Sheeping up to Boston

An ark preserved from the clamour of the world.

Sheeping up to Boston

Anyone rounding the bend in the woods will witness something akin to an apparition. Cows, ewes, vines, meadows, and vegetable gardens all materialise, united in peaceful symbiosis, as if on an ark preserved from the clamour of the world. The Boston plot certainly lives up to its nickname of an îlot, meaning both a swath of land and “a small island.” This place is unique, apart. Yet instead of being relegated to annex status, the territory is equal parts wild and beguiling, simultaneously far from the château and central to Palmer’s holistic ambitions – of which it is the perfect embodiment.

Everything appears to be in its place, in harmony. Boston is indeed like an island floating amid the Médoc peninsula. Some 20 plots surrounded by pines, oaks, and dry hedges. Two gravelly hilltops patiently trodden by cattle. An ecosystem in itself; one long considered indomitable, and which today is the subject of an oxymoronic litany: indomitable Eden, fierce but lush, exhausting but delectable. “A thankless terroir with unlimited potential,” says Sabrina Pernet, Technical Director of Château Palmer.

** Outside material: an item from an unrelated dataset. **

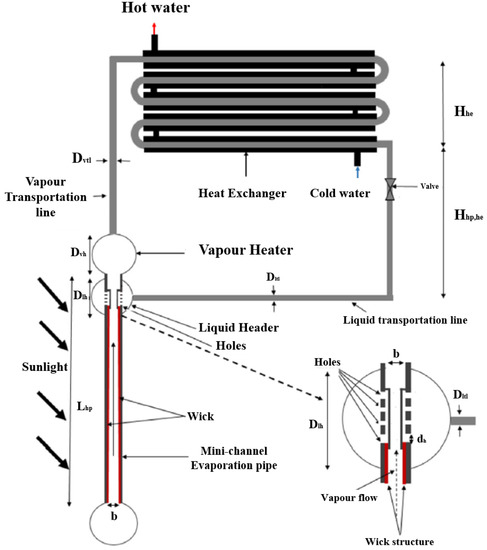 - Wang, Z.; Yang, W. A review on loop heat pipe for use in solar water heating. Energy Build. 2014, 79, 143–154. [Google Scholar] [CrossRef]

Everyone talks about it as if it were a gifted yet unruly teenager – a youngster who, in the end, is always given a chance.

This is not the îlot’s first time. These fine plots, so complex to cultivate and nestled three miles from the estuary, were originally acquired by Major General Palmer. They were then sold in 1938 by the Pereire brothers’ descendants to a consortium of Bordeaux wine merchants, and then to a horse trader who tore up the vines to graze his cows. For the second half of the 20th century, Boston – named after the little stream meandering through the north section of the site – was nothing more than a vast, grassy expanse. The fallow land was purchased in 1993 by Vincent and Natacha Ginestet, who replanted it with Cabernet Sauvignon ten years later, returning the 32 acres to their original vocation. This launched Château Boston, a winegrowing venture that lasted a decade.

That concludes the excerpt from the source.